The study did effectively show whether there was an increased affinity of the targeted nanoparticles to glioma cells by comparing it to non-targeted nanoparticles and showed that there was a specific cell-surface receptor interaction between the nanoparticles and the tumor cells. The study looked at how relative nucleolin expression was to the uptake of the nanoparticles and their comparisons to different tumor cell lines with different nucleolin expression showed that there was a correlation between nucleolin expression and saturation. The positive aspects that this investigative study had was that it carefully looked at the affinity and binding characteristics the nanoparticles had to the glioma cells. This is important not only for using this type of method for visualization of tumor cells during a tumor resection, but might be applicable for using this method to improve other imaging modalities. The study could have improved on its methods by additionally investigating more on the properties of the dye and comparison to other dyes that could be used. Additional studies analyzing toxicity levels and other properties of the dyes such as its effect on uptake in other tissues might be effective. As the article mentioned there has not been a lot of data on the effects of dye loaded nanoparticles on tumor models. Additional studies on nanotoxicity of the dye loaded particles in animal models in vivo might be important future investigations. Other studies on how well the nanoparticles cross the blood brain barrier might also be valuable. These studies might be difficult to carry out without first setting up in vivo tumor animal models before doing the investigations.

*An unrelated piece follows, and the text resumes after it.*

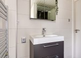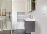 Overloop met toegang tot drie slaapkamers en een nette badkamer (vernieuwd in 2017) uitgerust met douche, badmeubel, designradiator en tweede toilet.
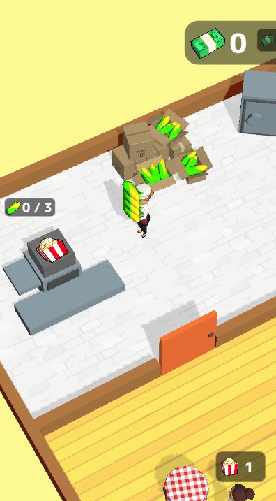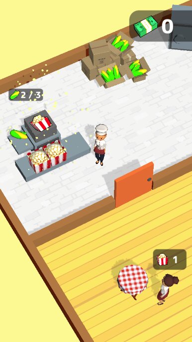Popcorn Universe — зарабатывайте деньги, продавая попкорн клиентам. Положите кукурузу в машину для приготовления попкорна. Доставьте попкорн клиентам. Когда получите деньги, сохраните их в сейфе.

The study did not seem to have any conflicts of interest. As the study reported, it was funded by grants from the National Institute of Biomedical Imaging and Bioengineering, the National Cancer Institute, and the Congress of Neurological Surgeons Basic/Translational Resident Research Fellowship. It was stated that there were no financial or institutional conflicts of interest. Since the study was done in vitro, there were also no ethical concerns involving the safety and health of patients.